Spectral gaps are a key property in semiconductors, among a multitude of other materials, in particular those with superconducting properties. It was thought that it was possible to determine if a material is superconductive by extrapolating from a complete enough microscopic description of it, however this study has shown that determining whether a material has a spectral gap is what is known as “an undecidable question”.
“Alan Turing is famous for his role in cracking the Enigma, but amongst mathematicians and computer scientists, he is even more famous for proving that certain mathematical questions are `undecidable’ – they are neither true nor false, but are beyond the reach of mathematics code,” said co-author Dr Toby Cubitt, from UCL Computer Science.
“What we’ve shown is that the spectral gap is one of these undecidable problems. This means a general method to determine whether matter described by quantum mechanics has a spectral gap, or not, cannot exist. Which limits the extent to which we can predict the behaviour of quantum materials, and potentially even fundamental particle physics.”

enter image description here


The research, which was published today in the journal Nature, used complex mathematics to determine the undecidable nature of the spectral gap, which they say they have demonstrated in two ways:
“The spectral gap problem is algorithmically undecidable: there cannot exist any algorithm which, given a description of the local interactions, determines whether the resulting model is gapped or gapless,” wrote the researchers in the journal paper.
“The spectral gap problem is axiomatically independent: given any consistent recursive axiomatisation of mathematics, there exist particular quantum many-body Hamiltonians for which the presence or absence of the spectral gap is not determined by the axioms of mathematics.”
In other words, no algorithm can determine the spectral gap, and no matter how the maths is broken down, information about energy of the system does not confirm its presence.
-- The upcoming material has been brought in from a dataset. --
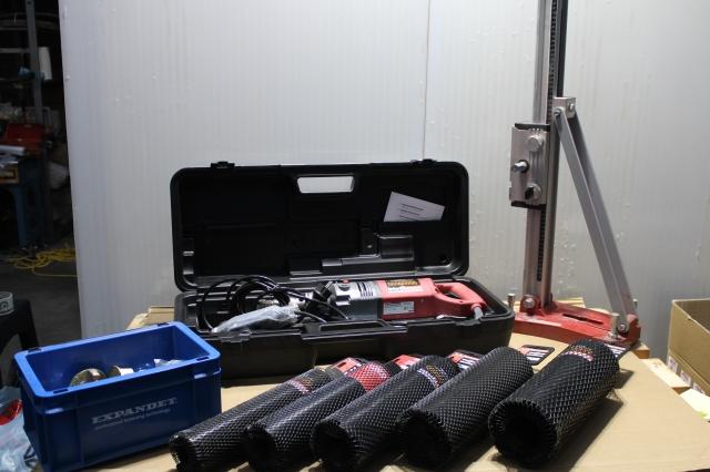 Ongebruikt, halsaansluiting motorbevestiging en hendel ontbreken, Droogboorpakket, Interdiamant diamantboormachine ID2200 (2000W, 1/25/4), boorstatief D200, droogboor oscillator diameter 71/81/91/101/111 x 300, verankeringsset

enter image description here


The research has profound implications for the field, not least for the Clay Mathematics Institute’s infamous $1m prize to prove whether the standard model of particular physics, which underpins the behaviour of the most basic particulars of matter, has a spectral gap using standard model equations.
“It’s possible for particular cases of a problem to be solvable even when the general problem is undecidable, so someone may yet win the coveted $1m prize. But our results do raise the prospect that some of these big open problems in theoretical physics could be provably unsolvable,” said Cubitt.
“We knew about the possibility of problems that are undecidable in principle since the works of Turing and Gödel in the 1930s,” agreed co-author Professor Michael Wolf, from the Technical University of Munich.
“So far, however, this only concerned the very abstract corners of theoretical computer science and mathematical logic. No one had seriously contemplated this as a possibility right in the heart of theoretical physics before. But our results change this picture. From a more philosophical perspective, they also challenge the reductionists’ point of view, as the insurmountable difficulty lies precisely in the derivation of macroscopic properties from a microscopic description.”
“It’s not all bad news, though,” added Professor David Pérez-García, from the Universidad Complutense de Madrid and ICMAT. “The reason this problem is impossible to solve in general is because models at this level exhibit extremely bizarre behaviour that essentially defeats any attempt to analyse them.
“But this bizarre behaviour also predicts some new and very weird physics that hasn’t been seen before. For example, our results show that adding even a single particle to a lump of matter, however large, could in principle dramatically change its properties. New physics like this is often later exploited in technology.”